#### The data ####

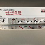 SWISS – Klasa Ekonomiczna w Airbus A220 Warszawa – Zurych – kabina – fotel – instrukcja bezpieczeństwa (safety card)
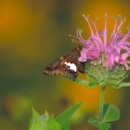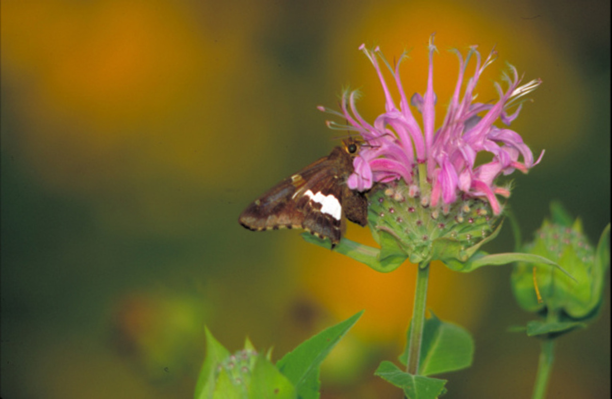 Brown butterfly with white patch o wing, sitting on pink blossom, viewed from side.
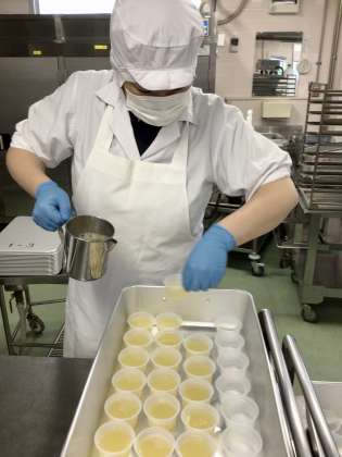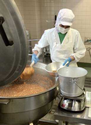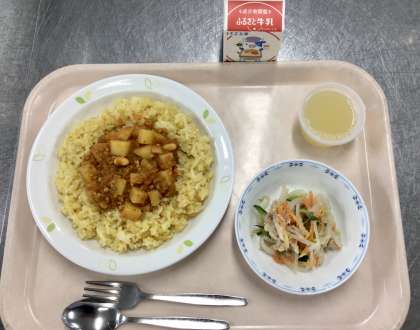 チリビーンズライスはカレー粉とトマトピューレを入れて炊いたカレー味のごはんの上に、大豆が入ったトマト味のミートソースをかけたものです。チリパウダーが入っていますが、辛みはなく、子供たちの好きな味に仕上げています。給食ではこどもたちから人気のある定番メニューです。朝から給食室で手作りしたりんごゼリーもこどもたちから人気でした。
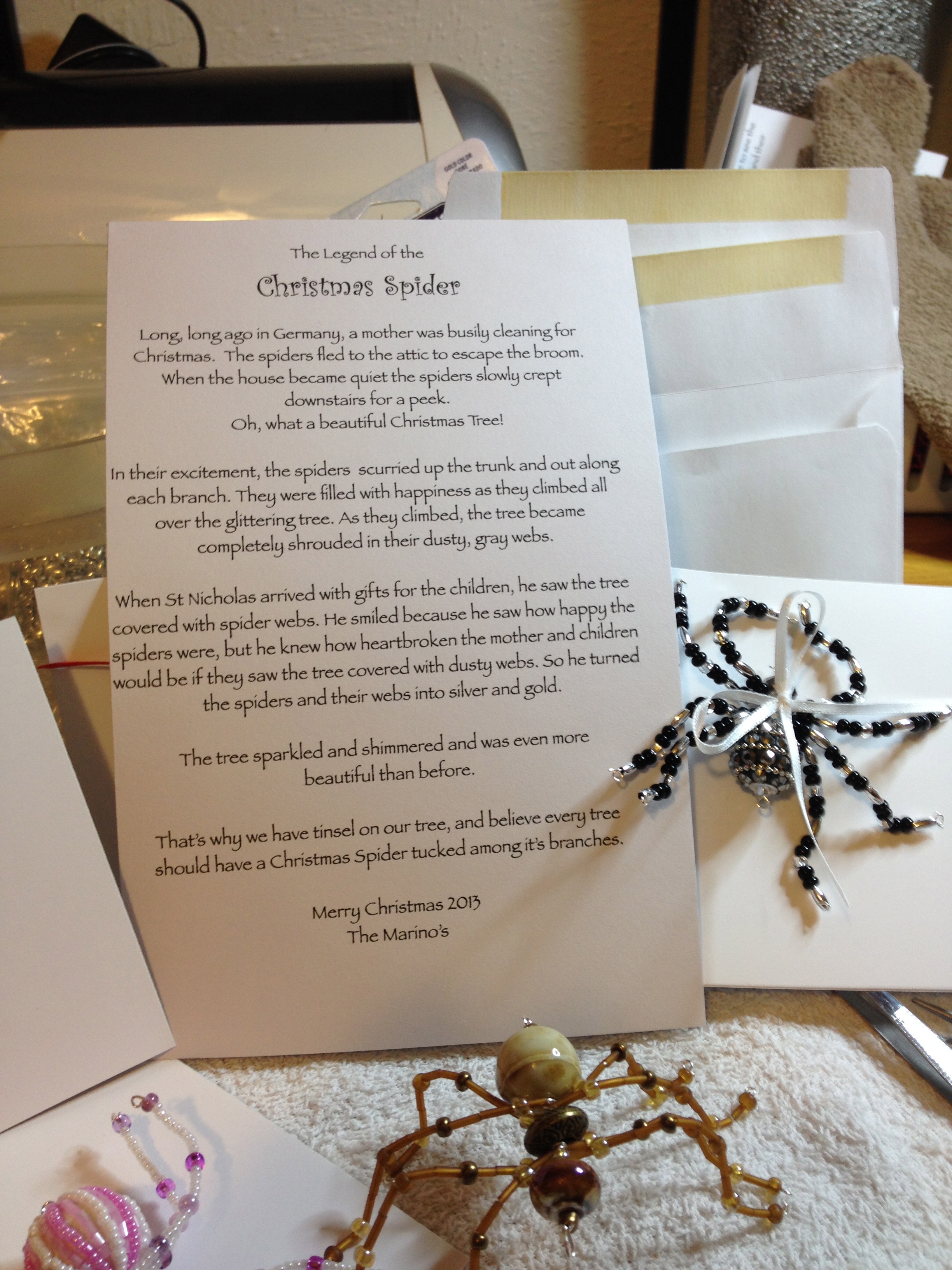 Here’s my version of the Legend of the Christmas Spider:  (I edited the version on my cards to fit the font and card size)
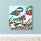 Schwarz gekappte Chickade mit Berries auf Zweigkanälen. Das Design auf dieser Leinwand ist ein bezauberndes Winterkichergemälde. Ideal für Natur- und Vogelliebhaber! Dieses Kunstwerk ist auch auf anderen Produkten zum Mischen und Abgleichen von JennsEmporium erhältlich.
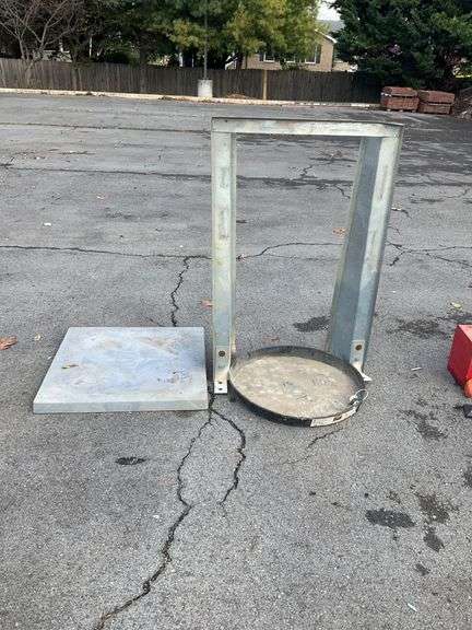 A water heater pan, a circular AC pan, and an aluminum AC frame. The AC frame features mounting holes, and the pans are designed for containment purposes. Items show visible wear from prior use.
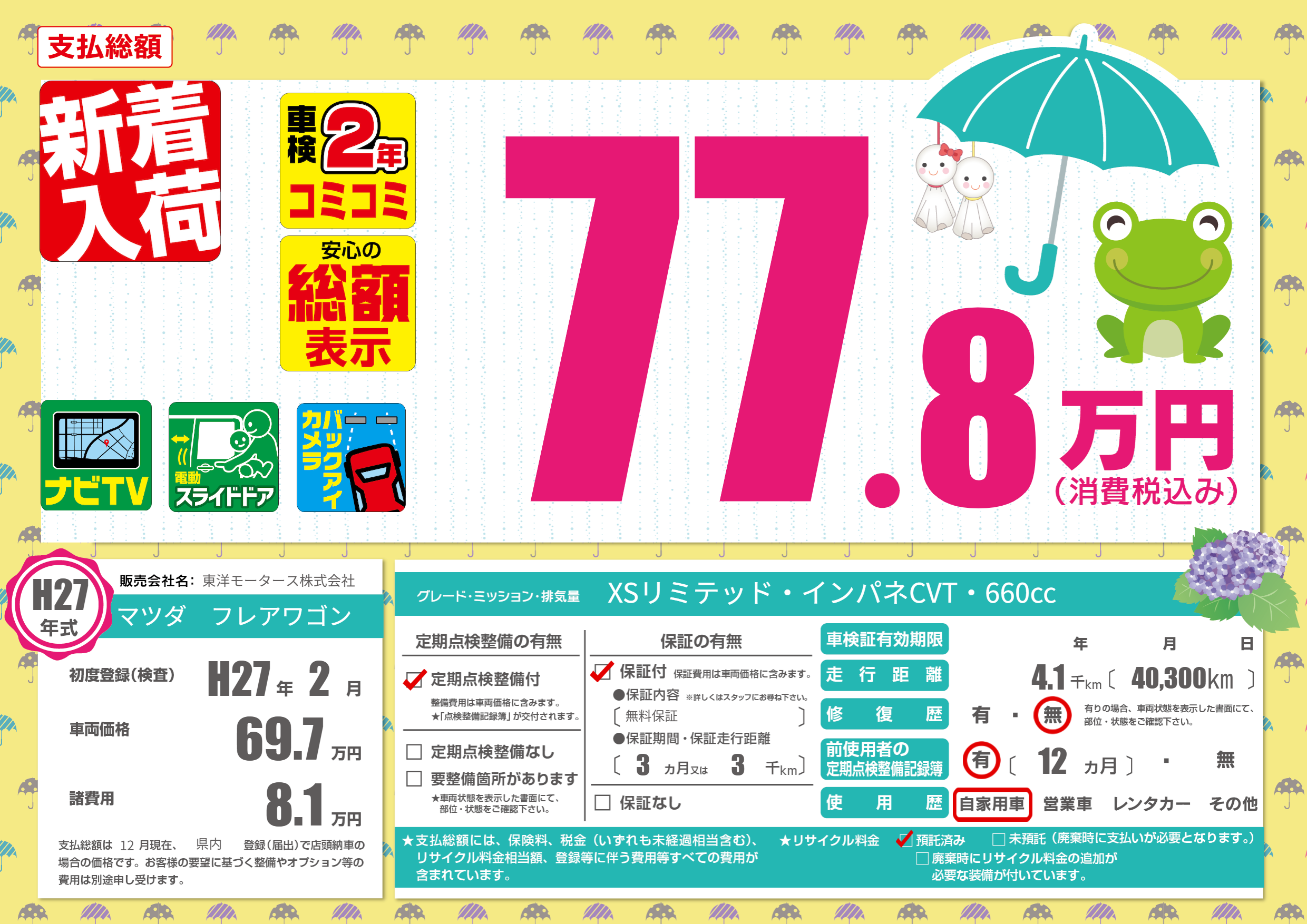 | 車名 | マツダ フレアワゴン | グレード ミッション 排気量 |

####

**Activity:** When you repeat the material, keep every word exact and drop the pictures.

**Task result:**
 SWISS – Klasa Ekonomiczna w Airbus A220 Warszawa – Zurych – kabina – fotel – instrukcja bezpieczeństwa (safety card)
 Brown butterfly with white patch o wing, sitting on pink blossom, viewed from side.
 チリビーンズライスはカレー粉とトマトピューレを入れて炊いたカレー味のごはんの上に、大豆が入ったトマト味のミートソースをかけたものです。チリパウダーが入っていますが、辛みはなく、子供たちの好きな味に仕上げています。給食ではこどもたちから人気のある定番メニューです。朝から給食室で手作りしたりんごゼリーもこどもたちから人気でした。
 Here’s my version of the Legend of the Christmas Spider:  (I edited the version on my cards to fit the font and card size)
 Schwarz gekappte Chickade mit Berries auf Zweigkanälen. Das Design auf dieser Leinwand ist ein bezauberndes Winterkichergemälde. Ideal für Natur- und Vogelliebhaber! Dieses Kunstwerk ist auch auf anderen Produkten zum Mischen und Abgleichen von JennsEmporium erhältlich.
 A water heater pan, a circular AC pan, and an aluminum AC frame. The AC frame features mounting holes, and the pans are designed for containment purposes. Items show visible wear from prior use.
 | 車名 | マツダ フレアワゴン | グレード ミッション 排気量 |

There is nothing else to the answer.